At a glance
Search Latency p50 (ms) is the median time the cluster takes to return a search query: half of all queries finish faster, half slower. It is the steady-state “typical experience” number. Unlike the tail percentiles, p50 should be low and stable; a rising median tells a DBA the whole query mix is getting slower, not just the unlucky outliers.
What it tracks
The card reports the 50th-percentile query service time for the selected period, refreshed in real time on a rolling 5-minute window (RT/5m). It is derived from the same source as its tail siblings: the indices.search.query_time_in_millis divided by query_total delta exposed in the Elasticsearch node stats API, with the distribution reconstructed across the window so a true median can be reported rather than a flat average.

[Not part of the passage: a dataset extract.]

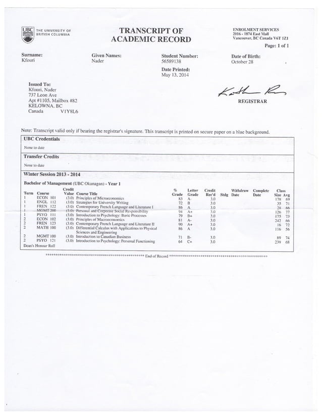 University of Alberta Unofficial Transcript | PDF | Change ...

Because p50 reflects the bulk of traffic, it is the right number for capacity planning and for spotting broad regressions (a heavier query mix, a mapping change, a hot-thread storm) before they reach the tail. Pair it with Search Latency p95 (ms) and Search Latency p99 (ms): a healthy cluster keeps p50 well below p95, and a narrowing gap between them means the slow tail is dragging the whole distribution up. This card carries no alert threshold of its own; it is the context number that makes the tail-latency alerts readable.
Reconciling against the source
Confirm the figure against Elasticsearch’s own tooling withGET /_nodes/stats/indices/search (the query_time_in_millis and query_total counters), or watch the median directly in the Kibana Stack Monitoring “Search” panel. On a managed service such as Elastic Cloud or AWS OpenSearch, the same series appears under the cluster’s search-latency monitoring chart. Small differences are expected: Vortex IQ reconstructs a percentile over the 5-minute window, whereas a raw counter ratio gives a window average.